Le gouvernement camerounais a déposé à l’assemblée nationale, un projet de loi qui va pénaliser l’outrage à tribu et l’incitation à la haine tribale. Les coupables de ces nouvelles infractions, encourent jusqu’à deux ans de prison et une amende de trois millions de francs CFA.
Les sanctions pénales seront doublées si les coupables sont des fonctionnaires, ou responsables d’une formation politique, membres d’une organisation non gouvernementale. Les médias ne seront pas épargnés par la rigueur de la nouvelle loi.
"Il y a eu des messages de haine qui sont passés par le canal des organes de presse", rappelait déjà à ce propos, le porte-parole du gouvernement René Emmanuel Sadi au sortir du conseil de cabinet du mois d’octobre.
René Emmanuel Sadi a confié que "ma communication visait justement à voir comment faire en sorte que la presse prenne conscience de la nécessité de travailler à la promotion de la conscience nationale".
Les médias vont avoir "un cahier de charge qui indique des obligations de travailler à la consolidation de la conscience nationale", a annoncé M. Sadi.
Selon des observateurs, c’est depuis la tenue de la dernière élection présidentielle en 2018 que la haine, le tribalisme et la stigmatisation éthique se sont invités dans le débat public.
"Lorsqu’on veut déjà conserver ou acquérir le pouvoir, on a toujours une tendance facile à s’appuyer sur le village où sur le groupe ou sur la tribalité", souligne Ernesto Yene, un acteur de la société civile au sein de Initiative citoyenne, "c’est un piège dans lequel, il ne faudrait pas que la population camerounaise tombe", prévient-il.
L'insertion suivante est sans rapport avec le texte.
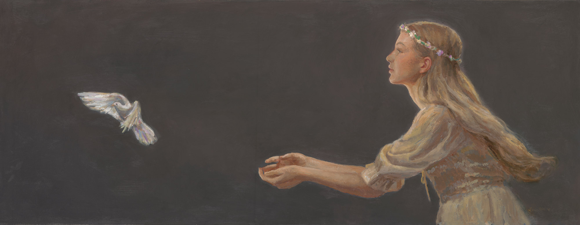 I love the dove as a symbol of peace and of the Holy Spirit. In this painting, I am thinking of the gesture of the young woman as both giving and seeking. She is a peace maker, sending her peace into the world around her. Simultaneously, she is seeking after the Holy Spirit.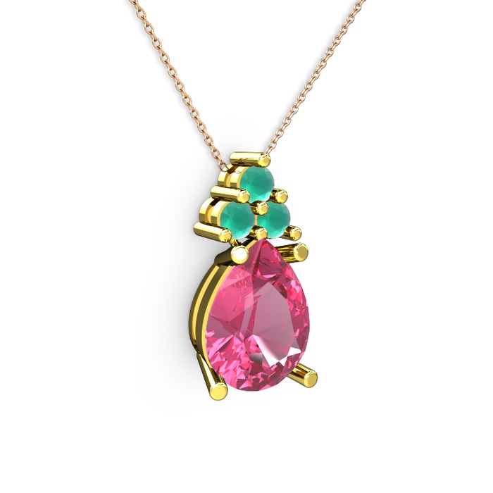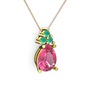 Pembe kuvars ve kök zümrüt 8 ayar altın kolye (40 cm gümüş rolo zincir)

Sur le champ politique, les actes haineux sont les plus recensés. En raison de leur appartenance politique, certains Camerounais sont voués aux gémonies. Sam Severin Ango, un militant du MRC a été pris à partie le mois dernier dans la région du Sud.
"Il s’agit des gens qui estiment que nous sommes de la région du Sud, mais que nous avons choisi de militer pour un parti qui est présidé par des ressortissants de l’Ouest. On nous a traités de traîtres et je trouve que c’est lamentable qu’on puisse encore avoir de telles agissements".
Le parti au pouvoir, le RDPC tient à se démarquer de cette forte tendance au tribalisme politique. Le parti diffuse abondamment ces derniers temps des messages du vivre ensemble. « personne n’a décidé de lui-même de naître ici au Cameroun, et nous devons tous nous aimer sans distinction de parti ou d’ethnie, nous sommes obligés de le faire parce que nous sommes appelés à vivre dans un territoire qui est le Cameroun", déclare à VOA Afrique Roger Nkodo Dang, député RDPC dans la région du centre.
Mais la société civile camerounaise pense que les bonnes intentions politiques seules ne suffisent pas pour faire taire les démons de la haine et du tribalisme. Un regroupement d’organismes de la société civile dénommée Initiative Citoyenne a lancé une campagne de conception des messages contre le tribalisme et la haine au Cameroun.
"Ces messages qui vont être diffusés, après il y aura également une campagne d’affichage dans les transports publics et une session de formation des blogueurs, des lanceurs d’alertes qui sont les mieux indiqués pour canaliser les uns et les autres sur les dérivés langagières", explique Ernesto Yene.
Le Cameroun va organiser un double scrutin en février prochain pour l’élection des députés et conseillers municipaux, certains Camerounais redoutent que le tribalisme et la haine gagnent en intensité durant cette période.